Written and Produced
by Andy Bradbury (author of "Develop Your NLP Skills", etc.)


Reviews: Part 25

 
 
 

The Title
Name(s) of the Author(s)
Publisher and ISBN Number [this will be for the paperback version except where the number ends with (Hb)]

Six Questions
Peter Freeth
Communications in Action   ISBN 0-954-57481-8
What a pleasure it was to read this book!  And how I wish I could say that more often.)

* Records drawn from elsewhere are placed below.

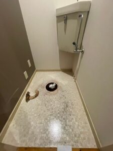 - 便器の取り外し: 施工前にまず便器を丁寧に取り外し、作業スペースを確保しました
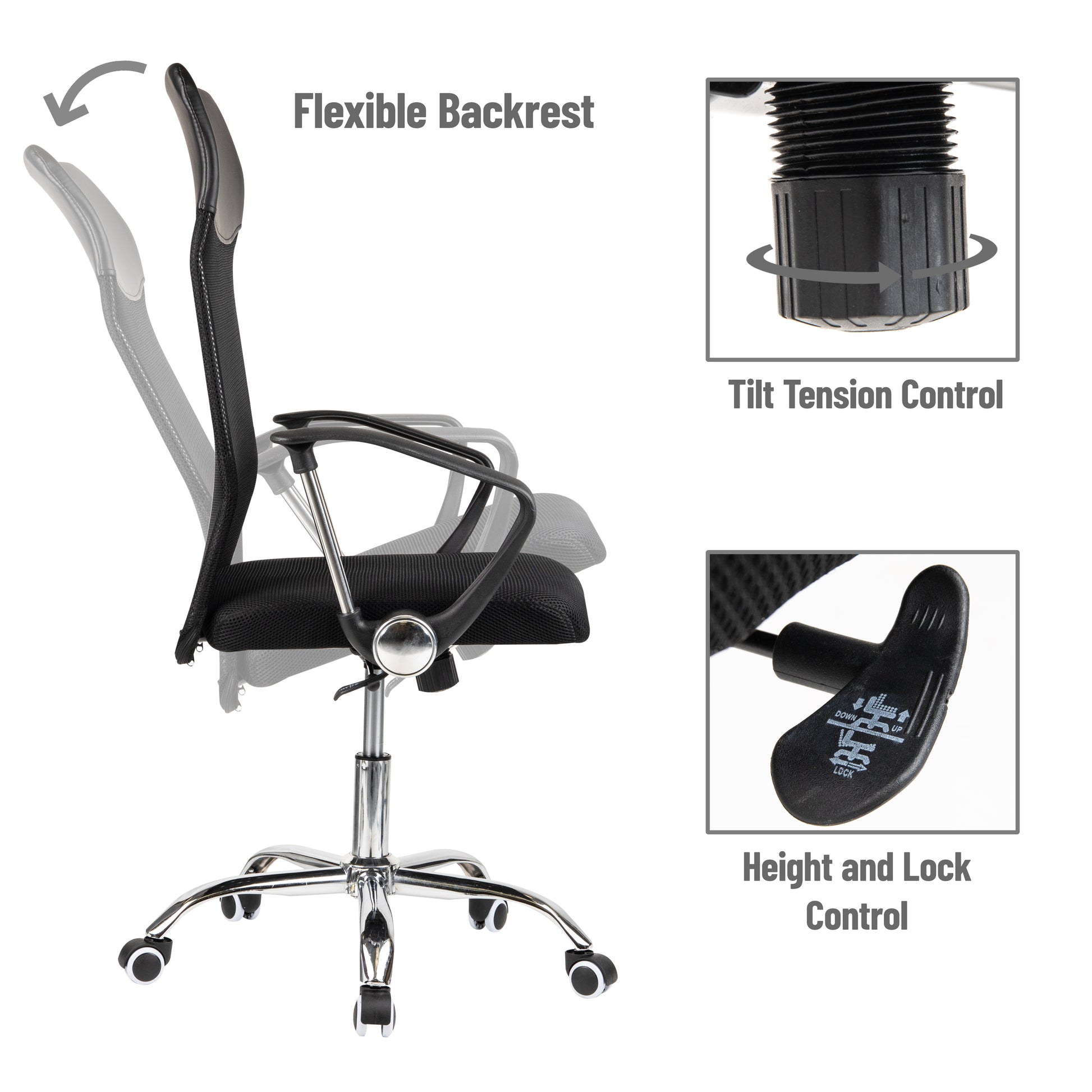 - Durable design: The pu leather headrest and mesh backrest have a sturdy nylon frame and the chrome star base features smooth-rolling nylon castors
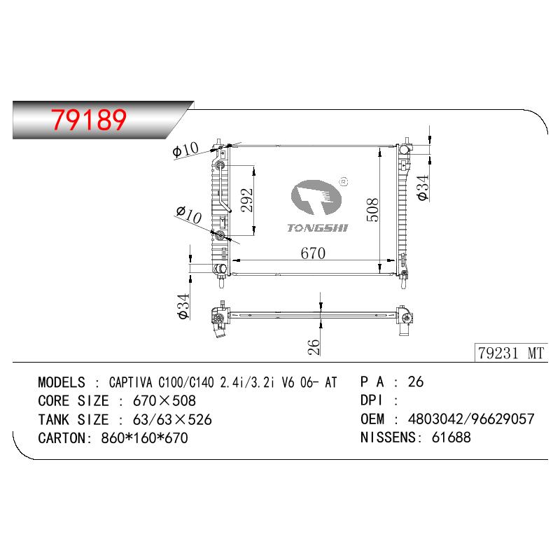 适用于奇瑞瑞虎(新款) MT散热器
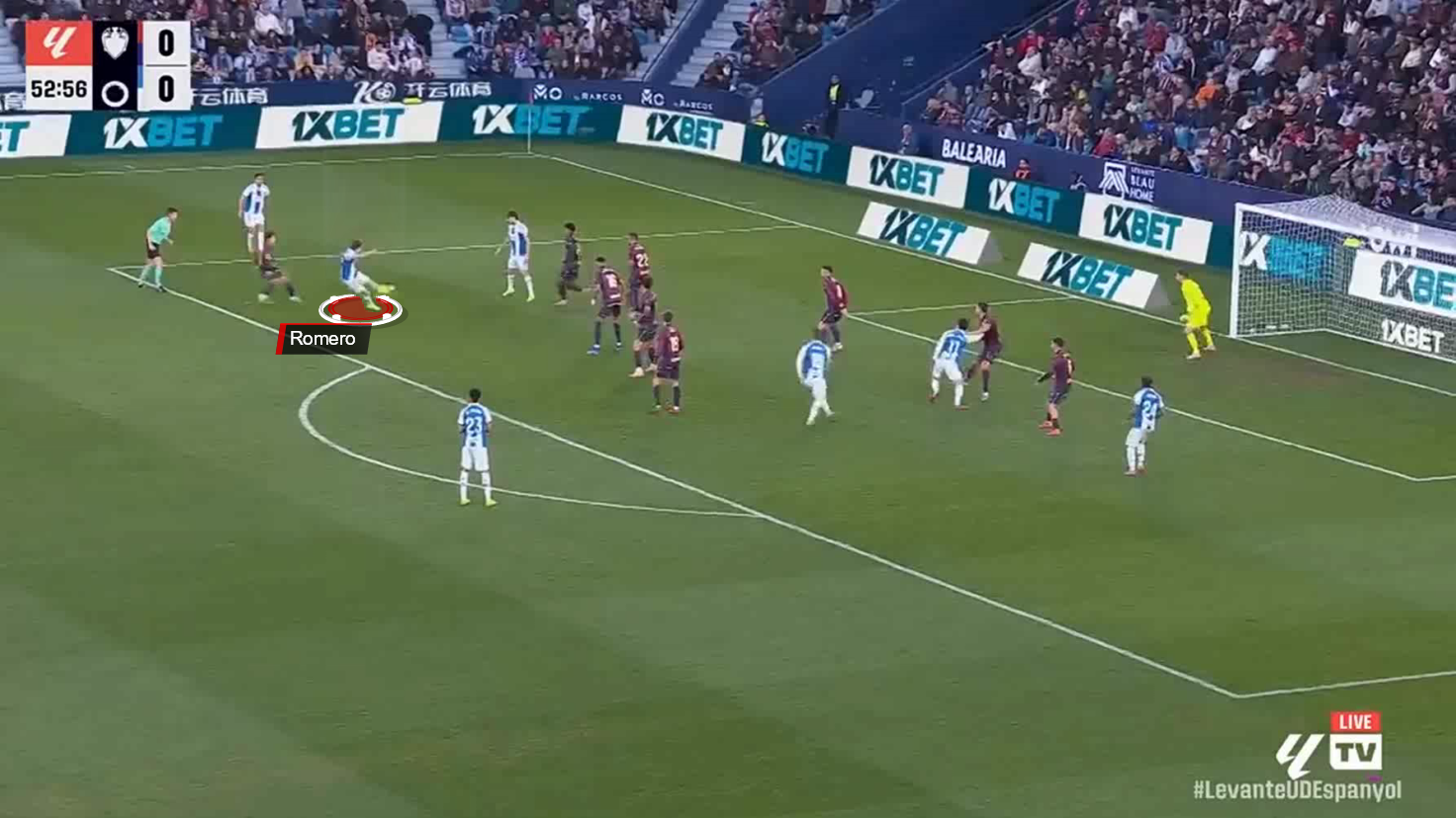 Romero didn’t enter the penalty area directly; instead, he positioned himself near the far post, taking advantage of the defence’s focus on the attackers.

Given that the book is just under 70 pages long, the author has wisely confined himself to dealing with the application of NLP techniques to just one area of business - problem solving.  As a result he is able to deal with his subject matter in much more detail than is often the case in larger, more costly books.  Moreover, although this is primarily an NLP book, the author doesn't allow himself to be constrained by that fact and he includes elements from neurology, etc., to create a more comprehensive, and comprehensible explanation of the processes and techniques he is describing.
The illustrations, on the other hand, benefit from being kept as simple as possible.

One thing I'm quite sure I've never come across before is the "World Famous Unsticker" - a lengthy set of questions which you can ask yourself when you run into a "What do I do now?" situation.  This is a great idea which gets the reader to draw on their own resources rather than passively accepting someone else's solution.  My one reservation is that having 180 questions means you need to randomly generate a number from 1-180 inclusive, and the comments on how to generate that number could have been a little more carefully prepared, I thought.  If I may add a suggestion of my own:

  1. For the first digit flip a coin.  Heads = "1"; Tails = "0"
  2. Close your eyes and make a "blind" stab at a telephone or computer numerical keypad for digit number 2.  If you get "9" interpret it as an "8"
  3. If you have anything other than "00", in which case you obviously do need a third digit, toss a coin again to decide whether there will be a third digit - "heads" = yes, "tails" = no.
  4. To get a third digit, if required, make another blind stab at the numerical keypad (if the first two digits are "18" then the third digit will automatically be "0").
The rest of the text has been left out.